> **What you will do**: Without the images, print all the entries below exactly as given.

> **Supplied data**:
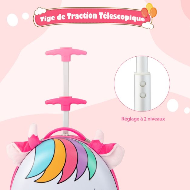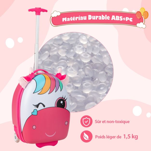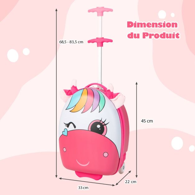 Valise enfants à roulettes 16’’ avec roues lumineuses bagages enfant avec poignée rétractable 68,5-83,5 cm cheval 20_0006435
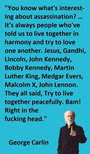 I love Carlin but many of the named were not saying that at all. Neither kennedy. Not malcom x, his whole thing was fight back, and for the record I agree.
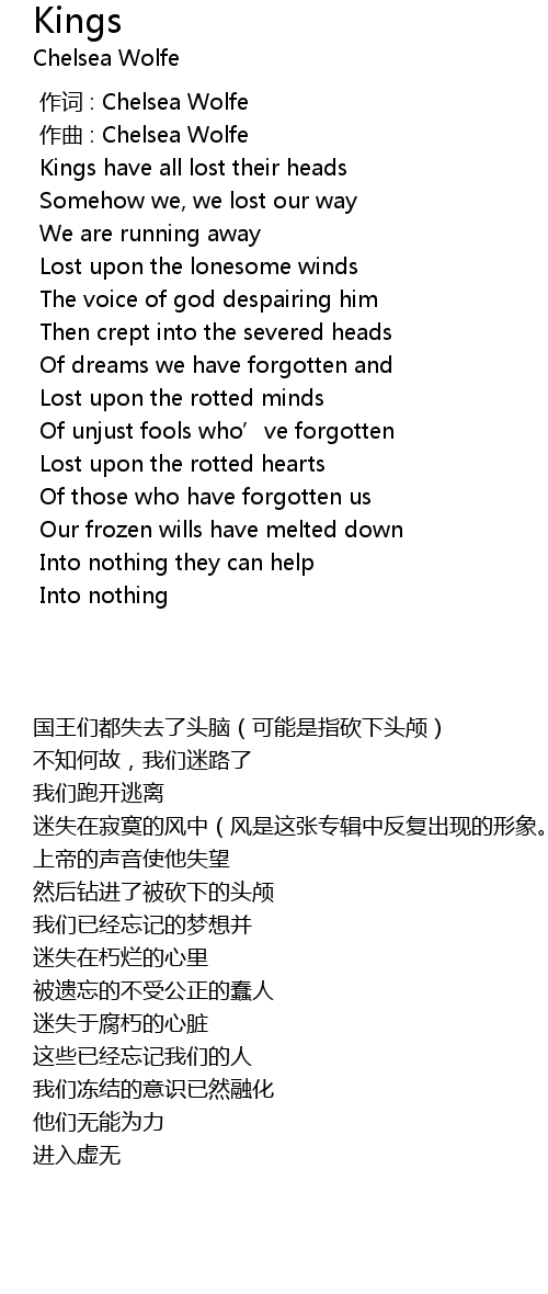 | [00:00.000] | 作词 : Chelsea Wolfe |
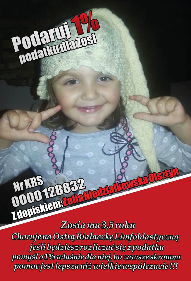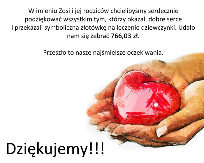 Z góry dziękujemy w imieniu Zosi i jej rodziców.
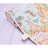 Welcome to the World Baby and Kids Blanket - a handmade designer Blanket with a world map fabric on one side, and soft cream minky on the back.
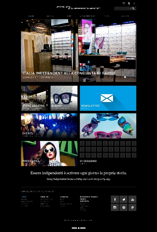 Italia Independent consolida la propria presenza online lanciando un nuovo sito e relativa piattaforma e-commerce. Il concept stilistico è stato sviluppato da Independent Ideas, la factory creativa di Italia Independent Group, mentre a Zerogrey, multinazionale irlandese specializzata nella gestione di negozi virtuali per brand appartenenti ai settori della moda e del lusso, è stato affidato il compito di realizzare il motore del portale, e di renderlo performante.
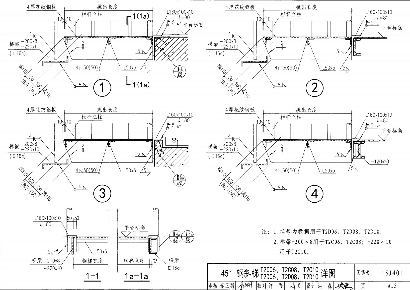 鋼斜梯D | 45°(1:1) | T2D10 | 1000 | 〔16a | 4.50 | a~c |
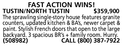TUSTIN/NORTH TUSTIN $359,900 The sprawling single-story house features granite counters, updated kitchen & BA’s, newer carpet & paint. Stylish French doors that open to the large backyard. 3 spacious BR’s + family room. Hurry. (508982) CALL (800) 387-7922
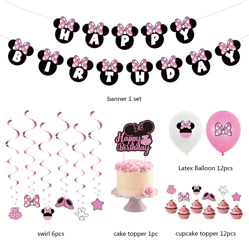 1 комплект воздушные шары с изображением Минни Микки и Минни Маус Мышь День рождения Декор Детский праздничный костюм баннер торт топпера, Disney и принтом в виде Минни Маус тема шар
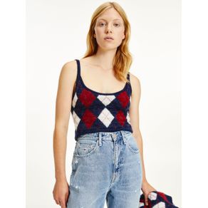 PLAYERA TOMMY JEANS DE TIRANTES CON ROMBOS ARGYLE DE MUJER Talla: M
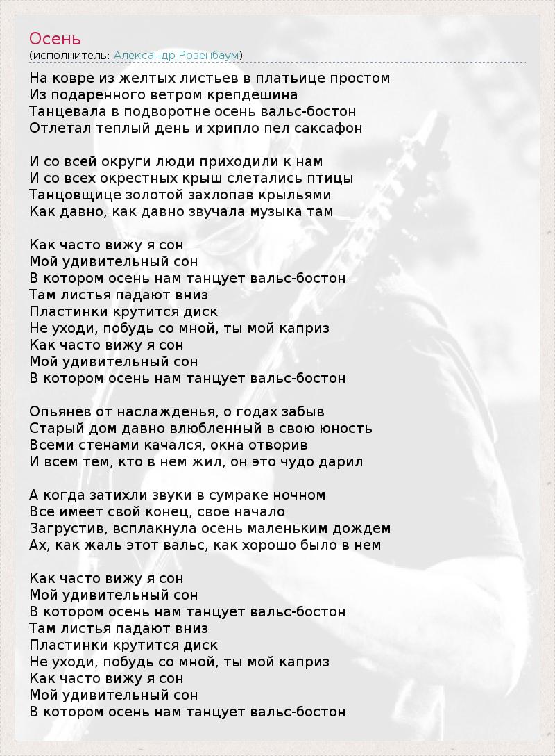 Это интересно:Александр Яковлевич Розенбаум (род. 13 сентября 1951, Ленинград) — исполнитель авторской песни.В 1968—1974 учился в Первом медицинском институте в Ленинграде. Работал врачом скорой помощи. Занимался в вечернем джазовом училище при Дворце культуры имени Кирова. Началом сольной деятельности можно считать памятное выступление 14 октября 1983 года в Доме культуры МВД имени Дзержинского.Розенбаум... продолжение
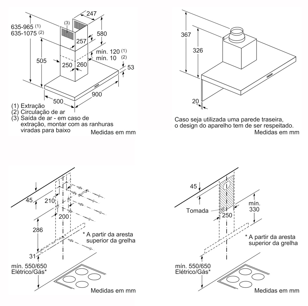 Medidas do aparelho em saída de ar (AxLxP): 635-965 x 900 x 500 mm
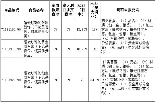 珍珠可以鑲嵌在貴金屬上,制成精美的首飾。鑲嵌珍珠的貴金屬首飾,應歸入7113項下。以下是珍珠首飾可能涉及的歸類、規范申報要素及進口關稅稅率,填報時請特別注意:
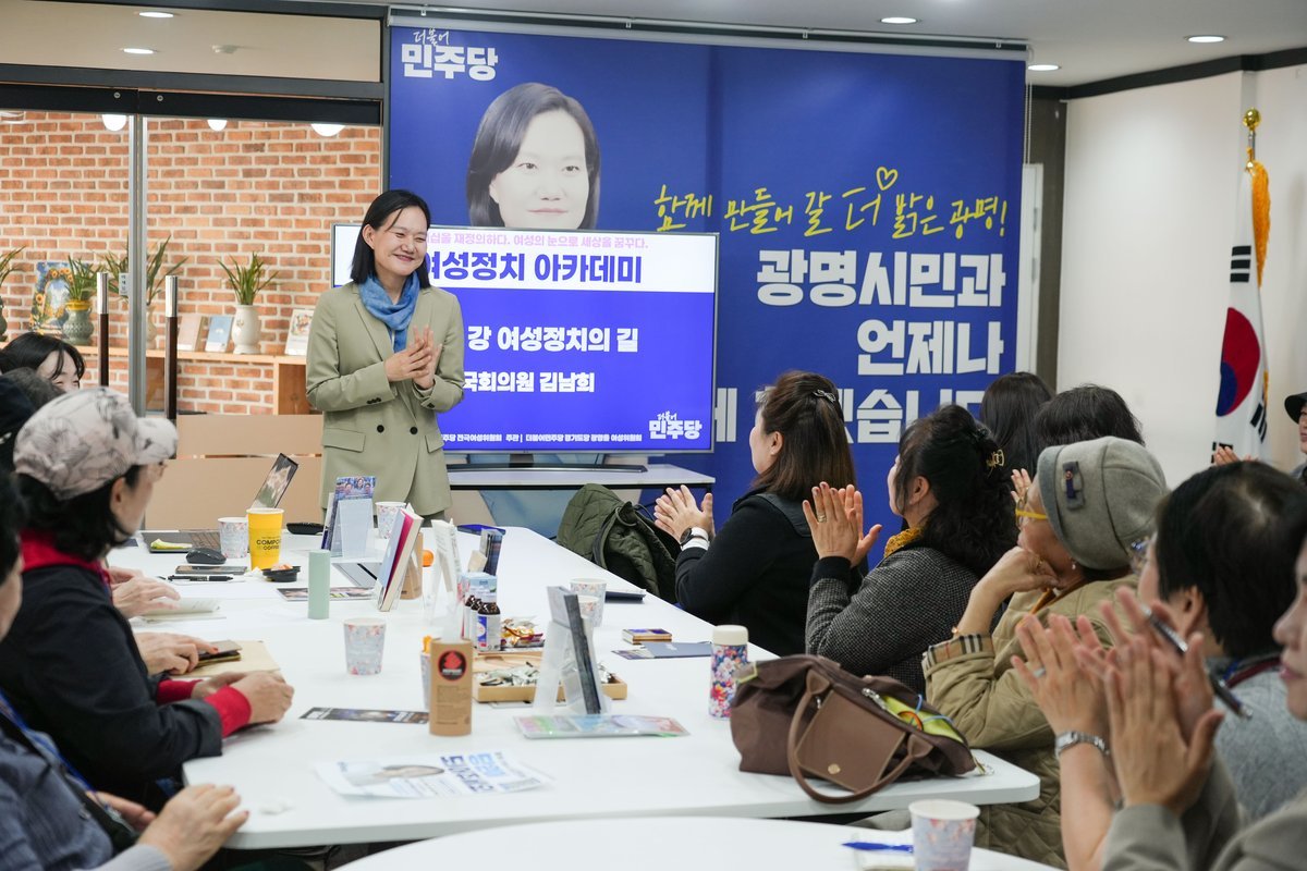 김남희의원실 (국회 제공) [PEDIEN] 더불어민주당 김남희 의원이 여성 정치 참여 확대를 위해 주력해 온 교육 프로그램인 ‘여성정치아카데미’가 성황리에 개막했다.이번 아카데미는 더불어민주당 전국여성위원회 공모사업에 선정됐으며 경기도당 광명을 여성위원회 주관으로 김 의원 지역구에서 처음으로 개최됐다.행사는 14일과 15일 이틀간 광명을 지역사무실에서 진행된다.김남희 의원은 국회 여성가족위원회에서 활동하며 여성·성평등 정책을 꾸준히 다뤄왔으며 이재명 대통령 직속 국정기획위원회 위원으로 참여해 관련 정책을 국정과제에 반영하는 데 기여했다.특히 성평등가족부로 확대·개편 과정에서도 핵심 역할을 맡아 제도 설계와 방향 설정에 힘써왔다.또한 지난달 여성 인권 및 정책 발전에 기여한 공로로 2025 양성평등정책대상 특별상을 수상한 바 있으며 최근 당 전국여성위원회 산하 여성리더십셉터 소장으로 임명되어 여성·성평등 정책 강화와 리더십 양성에 힘쓰고 있다.행사의 첫 강의는 김 의원이 직접 진행한 ‘여성정치의 길’특강으로 문을 열었다.김 의원은 강연에서 △정치를 시작한 이유 △여성 정치인의 강점과 약점 △정치를 준비하는 여성들을 위한 실질적 조언 등을 자신의 경험과 노하우를 담아 설명했다.특강에서 김 의원은 “여성은 아직 정치의 영역에서 충분히 참여하지 못하고 있다”며 “앞으로 여성정치는 반드시 더 발전할 것이라 믿는다”고 밝혔다.이어 “모두가 존엄하게 살아가는 사회를 만들기 위해 여성들이 서로 연대해 더 좋은 정치를 만들어 가겠다”고 강조했다.이번 여성정치아카데미는 여성 리더십을 주제로 여성들의 정치 참여를 확장하고 각자가 지닌 고유의 역량과 리더십을 발견하고 이끌어낼 수 있도록 돕는 교육 프로그램이다.이를 통해 광명 지역 여성들이 정치와 정책 과정에 보다 적극적으로 참여하는 기반이 마련될 것으로 기대된다. -
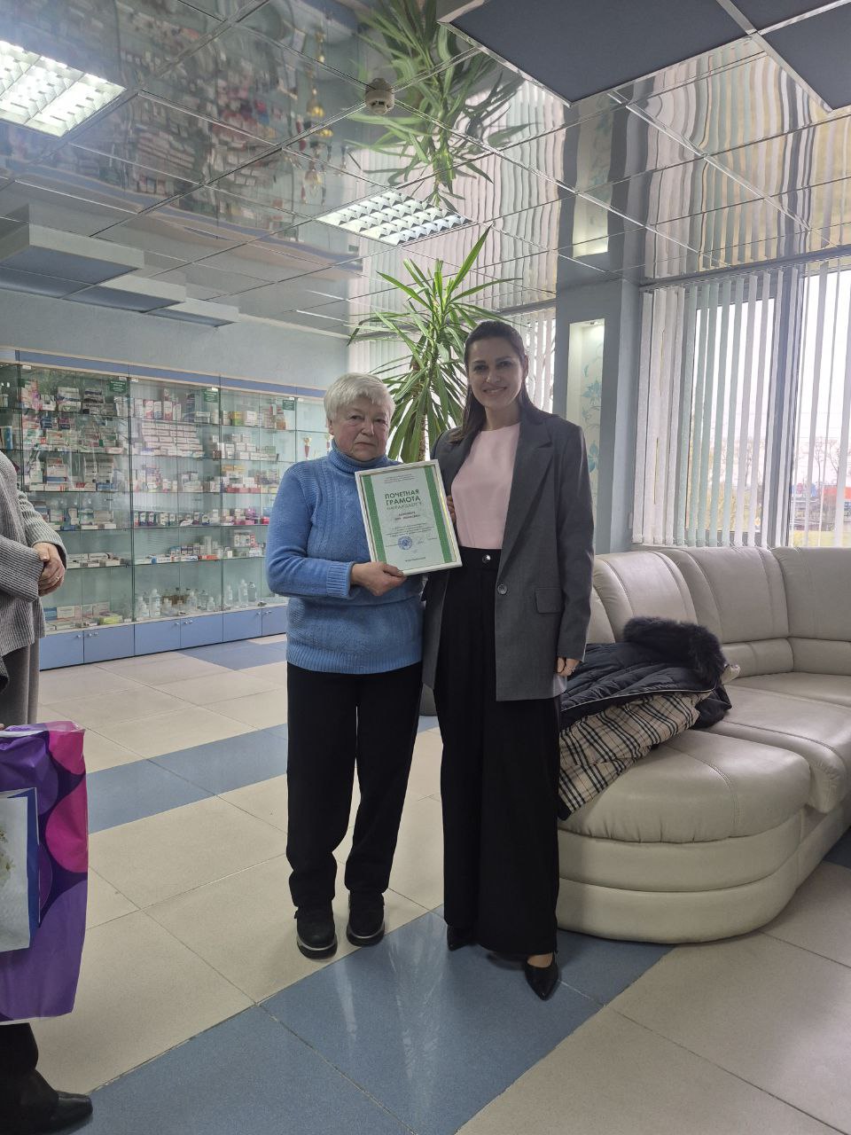 С юбилейной датой Абанович Зою Ивановну от предприятия поздравила заместитель заведующего аптечным складом Екатерина Котова. Она пожелала юбиляру крепкого здоровья, долголетия, душевного тепла, мира и благополучия. К поздравлениям присоединились заместитель председателя цехового комитета Татьяна Захарова и бывшие коллеги юбиляра, продолжающие работать на аптечном складе.
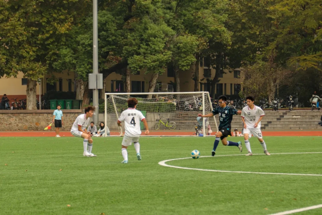 随着主裁判一声哨响,两队开始了激烈的抢拼。开场近三分钟,我院中场球员一脚直塞,李健章顺势接球一记推射成功将球送入球门,瞬间点燃了观看助威的同学们的热情,这也让我院在后面的比赛中一直占据着场上的主动,多次将球带到对方球门附近,给对方造成了很大的威胁。在上半场将要结束的时候,我院的球员们在流畅的配合下将领先的优势扩大到了4 :0。
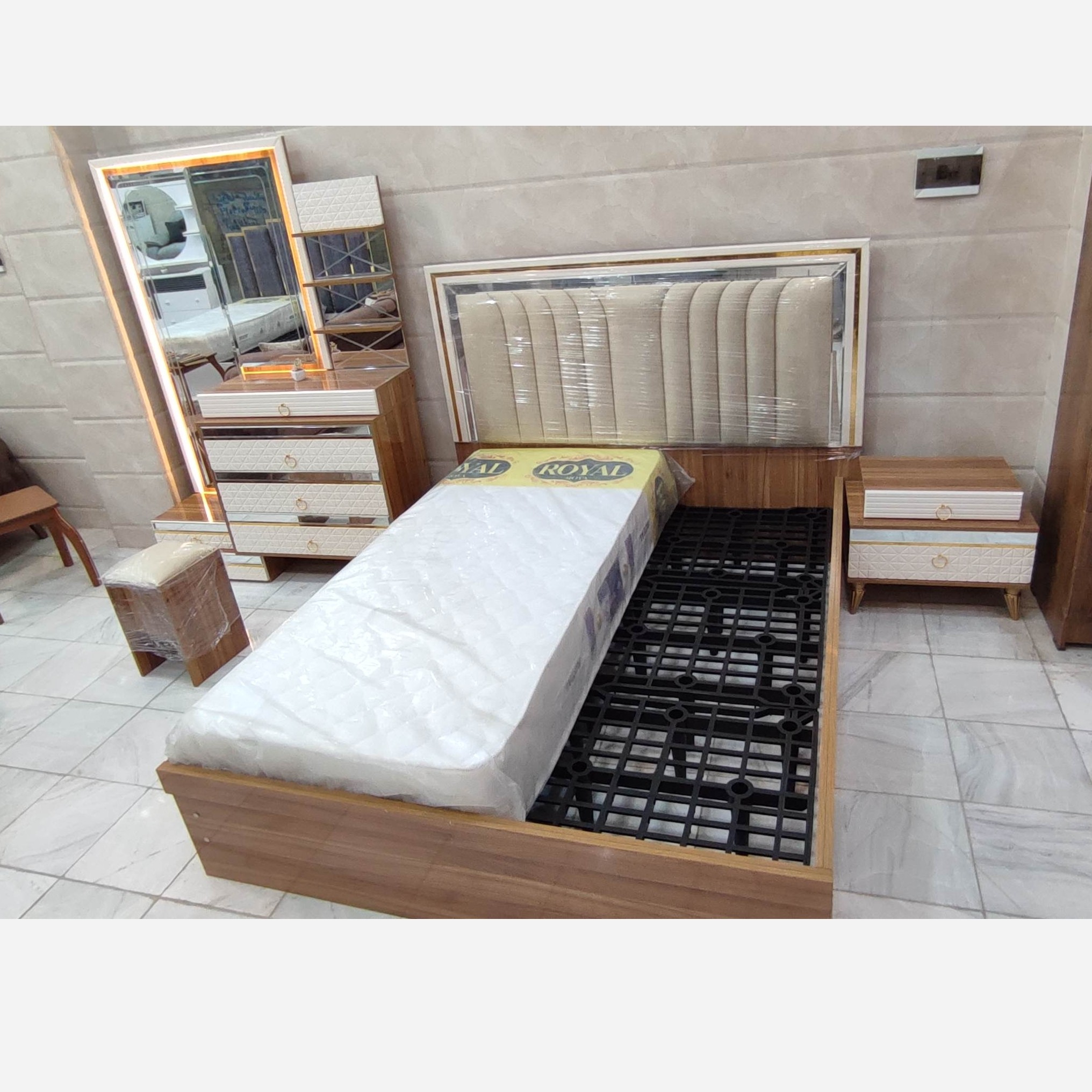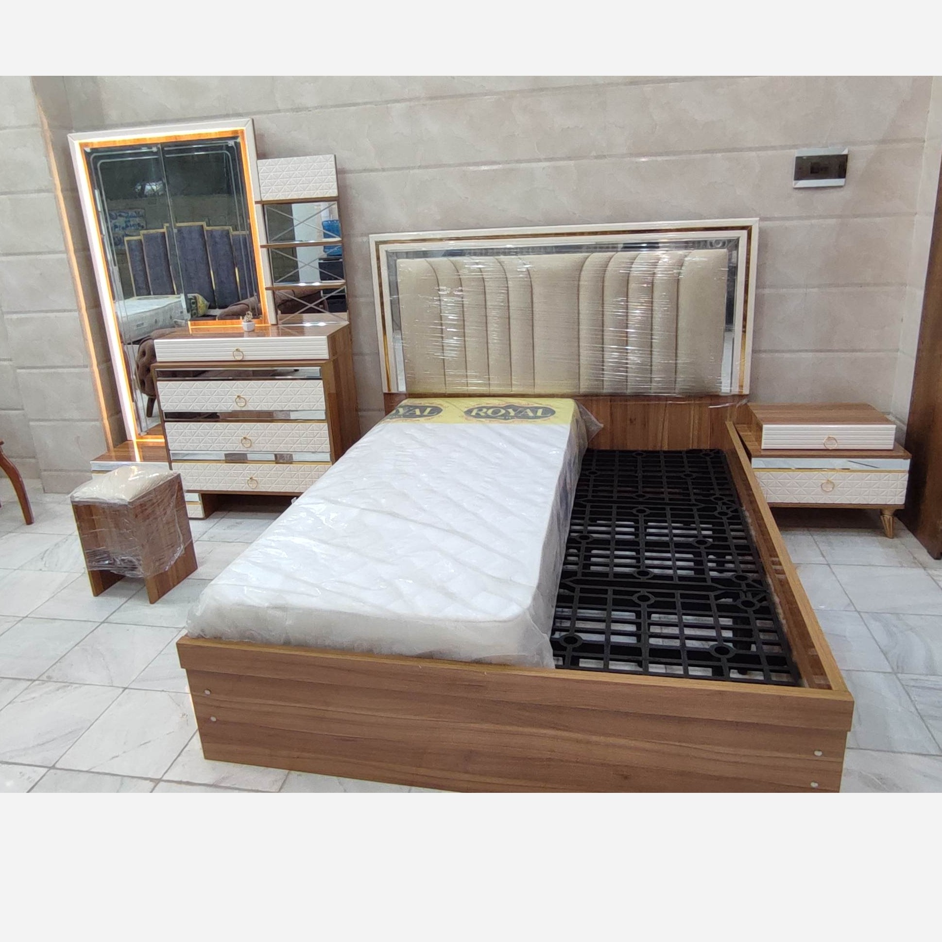 سرویس دونفره تختخواب مدل A4 مناسب جهیزیه عروس با 2 تنوع رنگبندی گردویی کرم و سفید طوسی میز ارایش 5 تیکه قابل حمل و نصب اسان دارای اینه قدی و نور پردازی فوق االعاده جادار با عمق کشاب 15 سایز تخت 160/ میز ارایش پ عسلی/ اینه قدی/1 پاتختی 2 کشو/کفی تخت

> **Exercise response**:
 Valise enfants à roulettes 16’’ avec roues lumineuses bagages enfant avec poignée rétractable 68,5-83,5 cm cheval 20_0006435
 I love Carlin but many of the named were not saying that at all. Neither kennedy. Not malcom x, his whole thing was fight back, and for the record I agree.
 | [00:00.000] | 作词 : Chelsea Wolfe |
 Z góry dziękujemy w imieniu Zosi i jej rodziców.
 Welcome to the World Baby and Kids Blanket - a handmade designer Blanket with a world map fabric on one side, and soft cream minky on the back.
 Italia Independent consolida la propria presenza online lanciando un nuovo sito e relativa piattaforma e-commerce. Il concept stilistico è stato sviluppato da Independent Ideas, la factory creativa di Italia Independent Group, mentre a Zerogrey, multinazionale irlandese specializzata nella gestione di negozi virtuali per brand appartenenti ai settori della moda e del lusso, è stato affidato il compito di realizzare il motore del portale, e di renderlo performante.
 鋼斜梯D | 45°(1:1) | T2D10 | 1000 | 〔16a | 4.50 | a~c |
TUSTIN/NORTH TUSTIN $359,900 The sprawling single-story house features granite counters, updated kitchen & BA’s, newer carpet & paint. Stylish French doors that open to the large backyard. 3 spacious BR’s + family room. Hurry. (508982) CALL (800) 387-7922
 1 комплект воздушные шары с изображением Минни Микки и Минни Маус Мышь День рождения Декор Детский праздничный костюм баннер торт топпера, Disney и принтом в виде Минни Маус тема шар
 PLAYERA TOMMY JEANS DE TIRANTES CON ROMBOS ARGYLE DE MUJER Talla: M
 Это интересно:Александр Яковлевич Розенбаум (род. 13 сентября 1951, Ленинград) — исполнитель авторской песни.В 1968—1974 учился в Первом медицинском институте в Ленинграде. Работал врачом скорой помощи. Занимался в вечернем джазовом училище при Дворце культуры имени Кирова. Началом сольной деятельности можно считать памятное выступление 14 октября 1983 года в Доме культуры МВД имени Дзержинского.Розенбаум... продолжение
 Medidas do aparelho em saída de ar (AxLxP): 635-965 x 900 x 500 mm
 珍珠可以鑲嵌在貴金屬上,制成精美的首飾。鑲嵌珍珠的貴金屬首飾,應歸入7113項下。以下是珍珠首飾可能涉及的歸類、規范申報要素及進口關稅稅率,填報時請特別注意:
 김남희의원실 (국회 제공) [PEDIEN] 더불어민주당 김남희 의원이 여성 정치 참여 확대를 위해 주력해 온 교육 프로그램인 ‘여성정치아카데미’가 성황리에 개막했다.이번 아카데미는 더불어민주당 전국여성위원회 공모사업에 선정됐으며 경기도당 광명을 여성위원회 주관으로 김 의원 지역구에서 처음으로 개최됐다.행사는 14일과 15일 이틀간 광명을 지역사무실에서 진행된다.김남희 의원은 국회 여성가족위원회에서 활동하며 여성·성평등 정책을 꾸준히 다뤄왔으며 이재명 대통령 직속 국정기획위원회 위원으로 참여해 관련 정책을 국정과제에 반영하는 데 기여했다.특히 성평등가족부로 확대·개편 과정에서도 핵심 역할을 맡아 제도 설계와 방향 설정에 힘써왔다.또한 지난달 여성 인권 및 정책 발전에 기여한 공로로 2025 양성평등정책대상 특별상을 수상한 바 있으며 최근 당 전국여성위원회 산하 여성리더십셉터 소장으로 임명되어 여성·성평등 정책 강화와 리더십 양성에 힘쓰고 있다.행사의 첫 강의는 김 의원이 직접 진행한 ‘여성정치의 길’특강으로 문을 열었다.김 의원은 강연에서 △정치를 시작한 이유 △여성 정치인의 강점과 약점 △정치를 준비하는 여성들을 위한 실질적 조언 등을 자신의 경험과 노하우를 담아 설명했다.특강에서 김 의원은 “여성은 아직 정치의 영역에서 충분히 참여하지 못하고 있다”며 “앞으로 여성정치는 반드시 더 발전할 것이라 믿는다”고 밝혔다.이어 “모두가 존엄하게 살아가는 사회를 만들기 위해 여성들이 서로 연대해 더 좋은 정치를 만들어 가겠다”고 강조했다.이번 여성정치아카데미는 여성 리더십을 주제로 여성들의 정치 참여를 확장하고 각자가 지닌 고유의 역량과 리더십을 발견하고 이끌어낼 수 있도록 돕는 교육 프로그램이다.이를 통해 광명 지역 여성들이 정치와 정책 과정에 보다 적극적으로 참여하는 기반이 마련될 것으로 기대된다. -
 С юбилейной датой Абанович Зою Ивановну от предприятия поздравила заместитель заведующего аптечным складом Екатерина Котова. Она пожелала юбиляру крепкого здоровья, долголетия, душевного тепла, мира и благополучия. К поздравлениям присоединились заместитель председателя цехового комитета Татьяна Захарова и бывшие коллеги юбиляра, продолжающие работать на аптечном складе.
 随着主裁判一声哨响,两队开始了激烈的抢拼。开场近三分钟,我院中场球员一脚直塞,李健章顺势接球一记推射成功将球送入球门,瞬间点燃了观看助威的同学们的热情,这也让我院在后面的比赛中一直占据着场上的主动,多次将球带到对方球门附近,给对方造成了很大的威胁。在上半场将要结束的时候,我院的球员们在流畅的配合下将领先的优势扩大到了4 :0。
 سرویس دونفره تختخواب مدل A4 مناسب جهیزیه عروس با 2 تنوع رنگبندی گردویی کرم و سفید طوسی میز ارایش 5 تیکه قابل حمل و نصب اسان دارای اینه قدی و نور پردازی فوق االعاده جادار با عمق کشاب 15 سایز تخت 160/ میز ارایش پ عسلی/ اینه قدی/1 پاتختی 2 کشو/کفی تخت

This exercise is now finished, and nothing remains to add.